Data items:
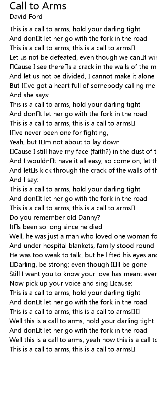 | Well this is a call to arms, yeah now this is a call to arms | |
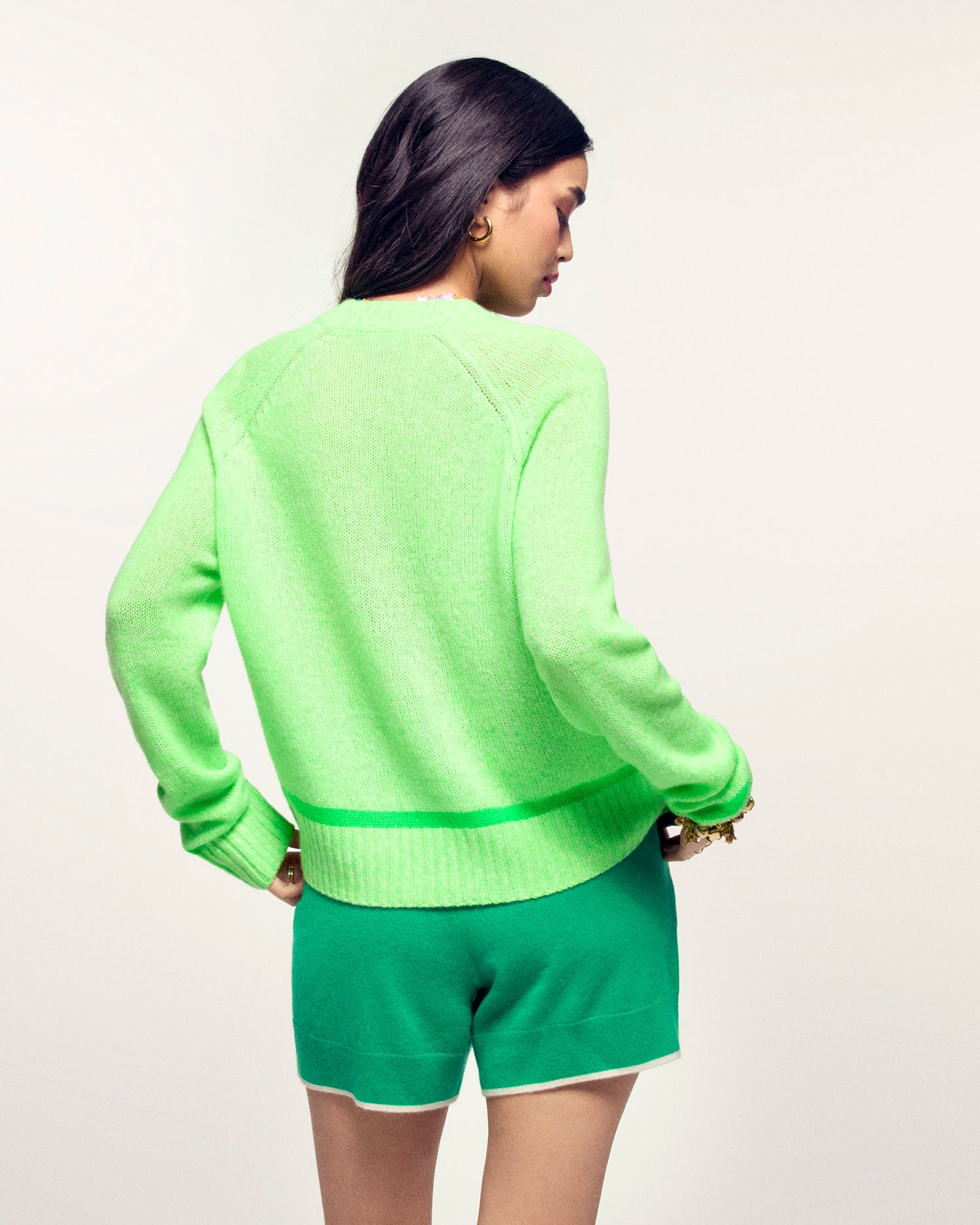 Le pull à la texture riche et douce. Confectionné en Cachemire 4 fils, il est tricoté en fil mouliné pour un bel effet chiné et texturé. Sa coupe oversize est modernisée par des bandes de finitions tricotées contrastées au bas du corps et des manches, pour un look graphique et tendance.
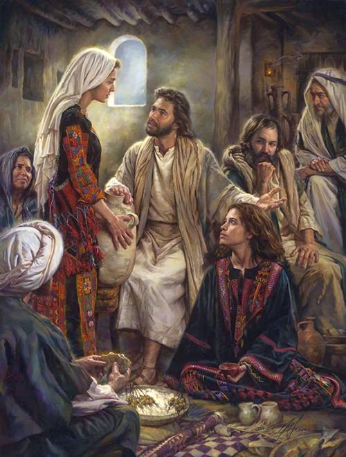 - Nathan Greene, 21ème siècle, site nathangreenestudio.com, États-Unis. Cet illustrateur originaire du Michigan, formé à Chicago, a travaillé pour plusieurs entreprises et maisons d’édition; il fut proche d’Harry Anderson, un artiste Adventiste réputé. Il fait maintenant des peintures de scènes bibliques, présentées en contexte contemporain ou de façon très vivante. Ses œuvres sont très utilisées dans les Églises nord-américaines. En celle-ci, le contexte de la rencontre est animé, avec des invités et un climat amical. Marthe et Jésus sont engagés dans un bon échange; la jeune Marie y porte attention. Dans l’espace restreint de cette demeure modeste, où tous les personnages sont rapprochés, la proximité de Jésus ressort. Comme s’il s’invitait chez nous …
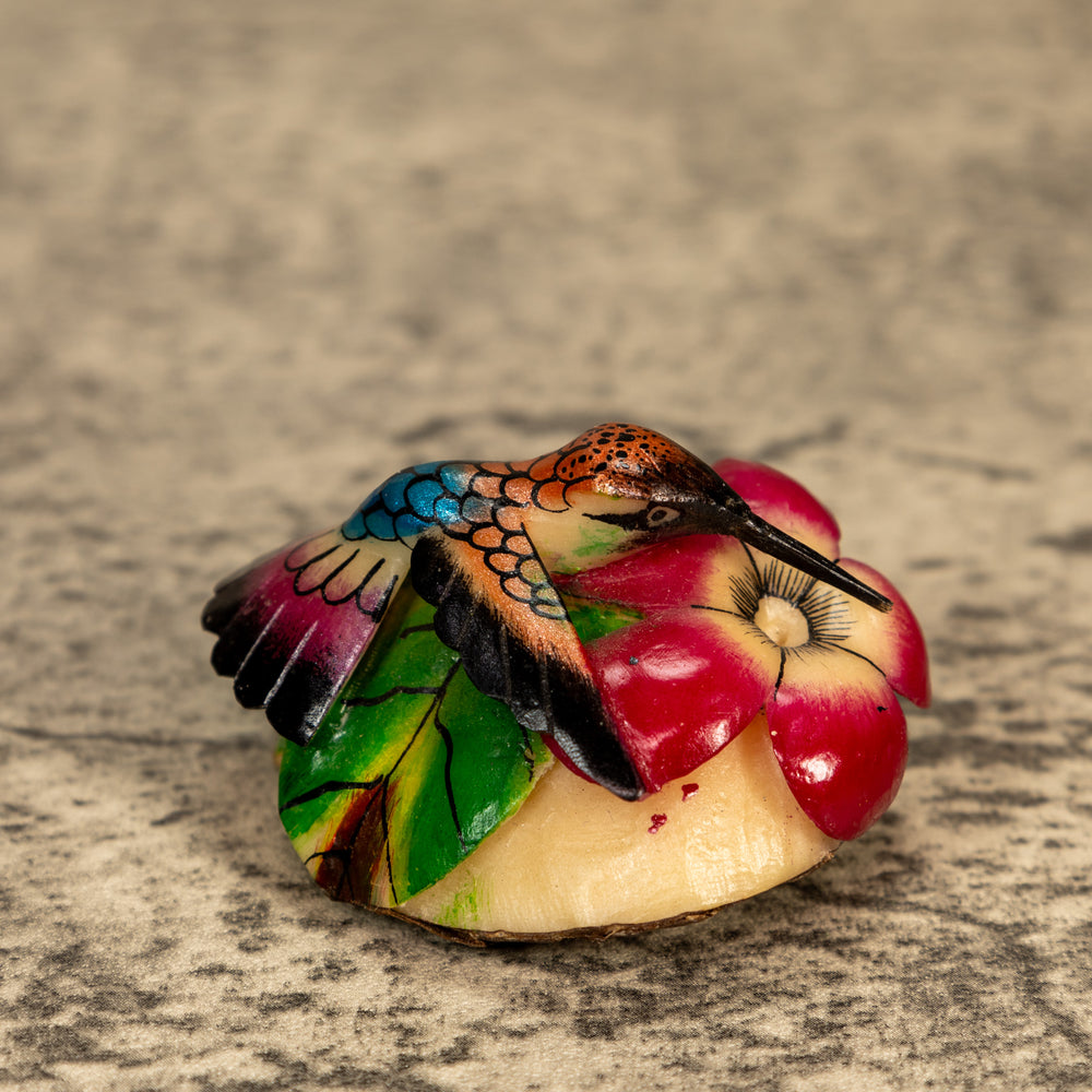 Delve into the world of sustainable art with our exquisite hand-carved Hummingbird tagua nut sculptures. Known as "vegetable ivory," tagua nuts offer a cruelty-free alternative to ivory, making each piece not only beautiful but also eco-friendly. Our skilled artisans dedicate hours to carefully shaping, detailing, and polishing the tagua to highlight its natural luster and intricate textures.
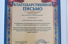 Студенты ГАПОУ Нижнекамский политехнический колледж имени Е.Н.Королёва Сайфутдинова Камиля и Осипова Валерия получили Благодарность за труд, за добросовестное отношение и качественную работу по комплектации изделий и инструментов от оборонно-промышленного комплекса АО РЕМДИЗЕЛЬ.
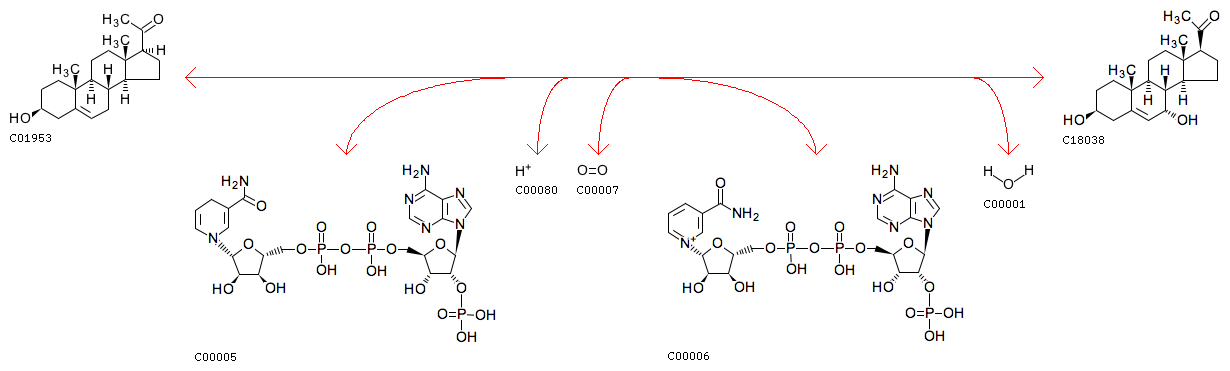 R08943 Pregnenolone + NADPH + H+ + Oxygen <=> 7alpha-Hydroxypregnenolone + NADP+ + H2O
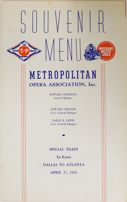 Lot: 445 Description: TEXAS & PACIFIC MENU – April 27, 1941, souvenir menu for the Metropolitan Opera Association. Special train En Route Dallas to Atlanta. Measures 9 ½” x 6 ¼”. Good used. Minimum bid: $20 Price Realized: $35 |
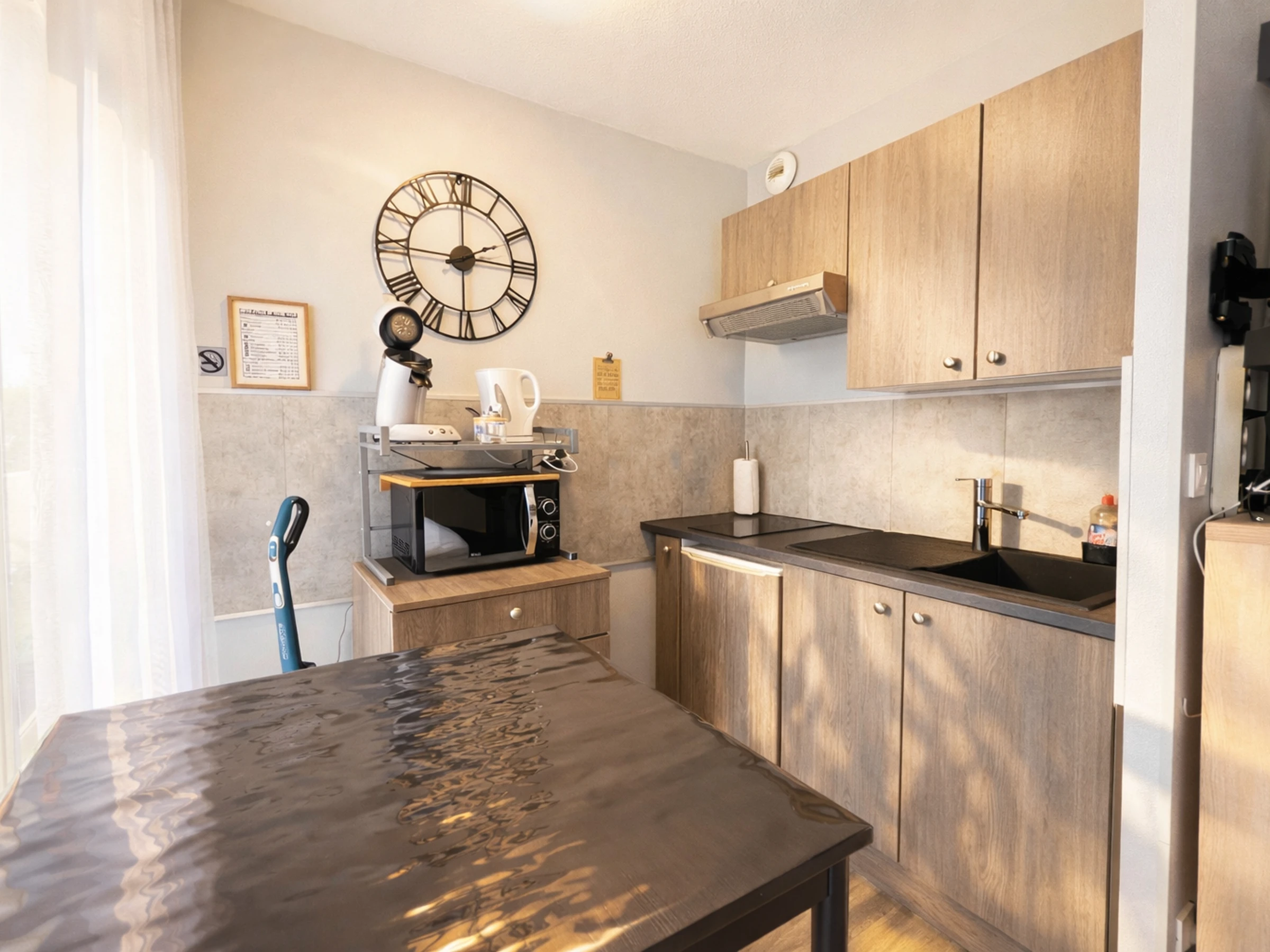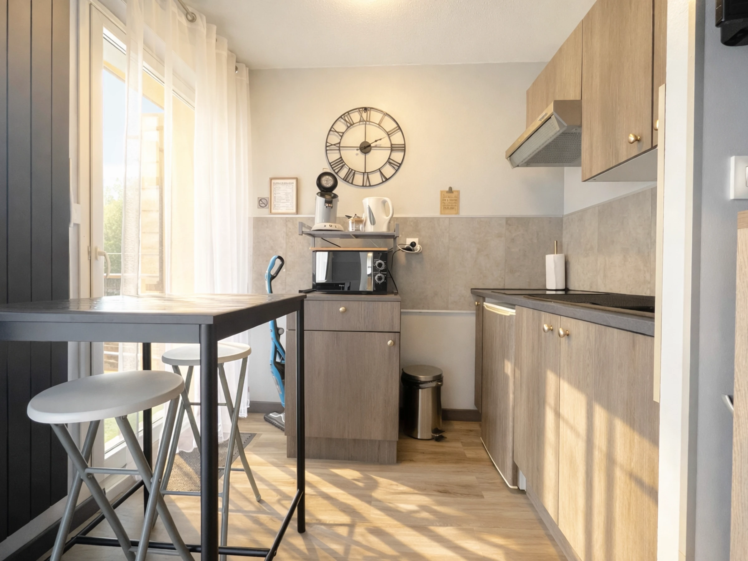 The fully equipped kitchenette includes a stovetop, a microwave/grill oven, a refrigerator, a kettle, and a Senseo coffee machine, allowing for complete independence during your stay.
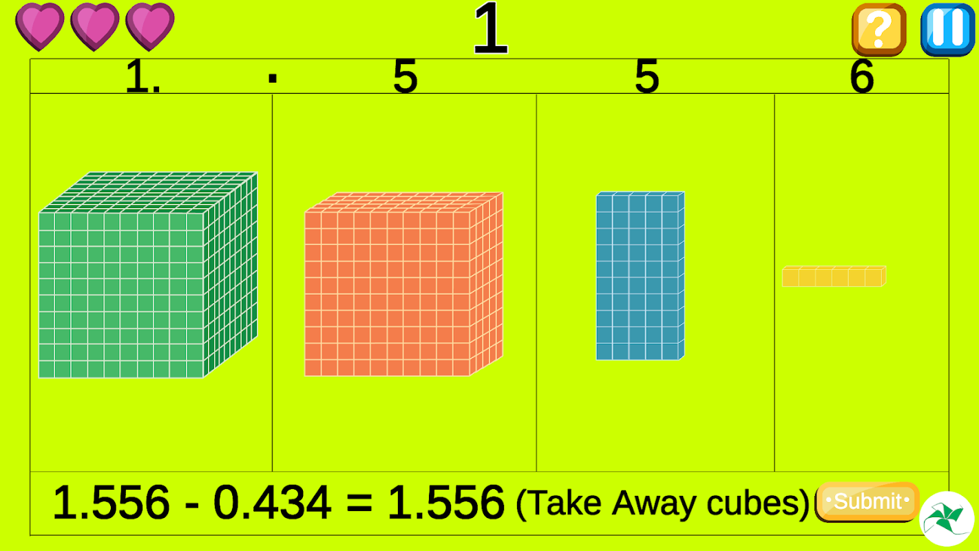 One whole is made of 1000 cubes. This is divided into tenths, hundredths and thousandths parts. Children play with this part to understand relationship between decimals numbers like .2,.02, .002. Gradually children are able to visualize the whole when only part is given.
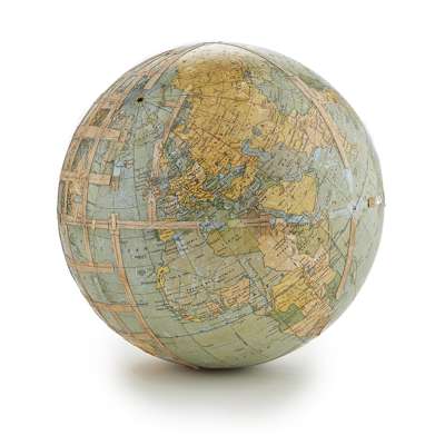 the central printed paper-covered globe raised on an ebonised stand, 52cm high; also a later TERRESTIAL GLOBE, 19cm diameter (2)
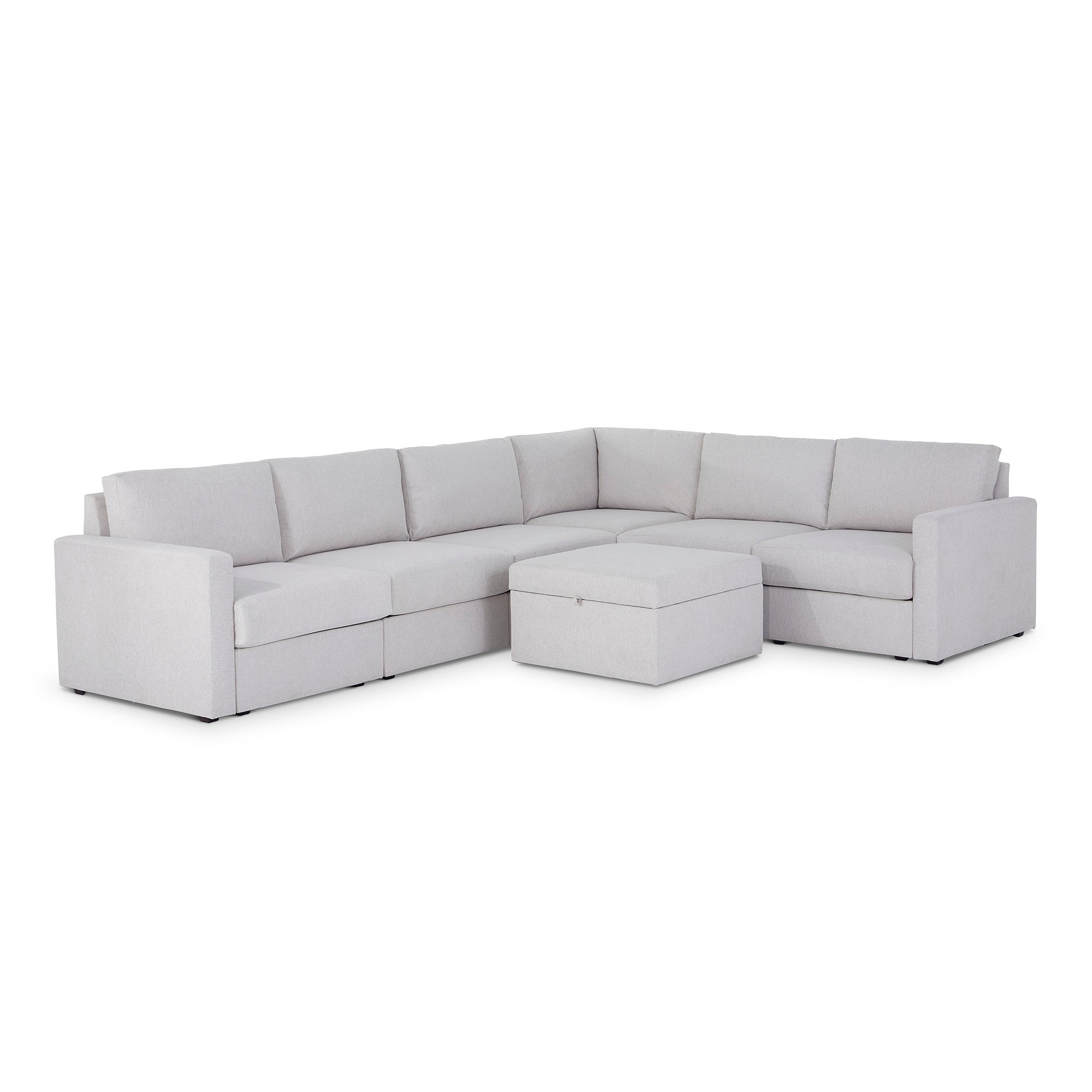 Flex 6-Seat Sectional with Standard Arm and Storage Ottoman - Frost
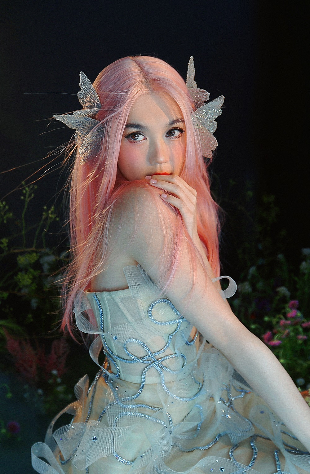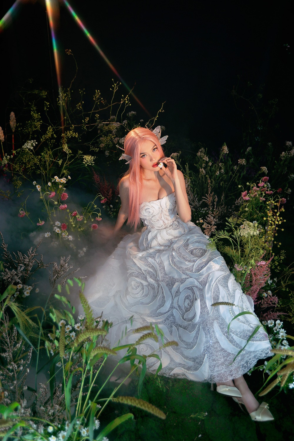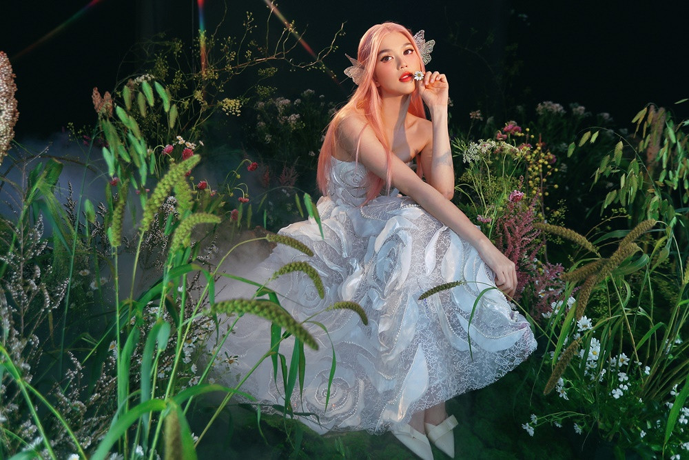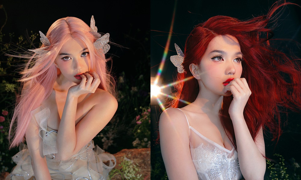 Lần lượt khoe dáng trong 6 bộ váy tông màu bạc và vàng ánh kim, Ngọc Trinh biến hóa cảm xúc tài tình, lúc e ấp ngại ngùng, khi lại kiêu sa. Người đẹp còn thay đổi hai bộ tóc giả màu hồng và đỏ rượu, làm tăng hiệu ứng AI kỳ ảo đậm chất cổ tích của bộ ảnh.

__Description of the task__
Print only the lines running from the one containing "The fully equipped" to the end of the data above, exactly; include no pictures.

__Your solution__
 The fully equipped kitchenette includes a stovetop, a microwave/grill oven, a refrigerator, a kettle, and a Senseo coffee machine, allowing for complete independence during your stay.
 One whole is made of 1000 cubes. This is divided into tenths, hundredths and thousandths parts. Children play with this part to understand relationship between decimals numbers like .2,.02, .002. Gradually children are able to visualize the whole when only part is given.
 the central printed paper-covered globe raised on an ebonised stand, 52cm high; also a later TERRESTIAL GLOBE, 19cm diameter (2)
 Flex 6-Seat Sectional with Standard Arm and Storage Ottoman - Frost
 Lần lượt khoe dáng trong 6 bộ váy tông màu bạc và vàng ánh kim, Ngọc Trinh biến hóa cảm xúc tài tình, lúc e ấp ngại ngùng, khi lại kiêu sa. Người đẹp còn thay đổi hai bộ tóc giả màu hồng và đỏ rượu, làm tăng hiệu ứng AI kỳ ảo đậm chất cổ tích của bộ ảnh.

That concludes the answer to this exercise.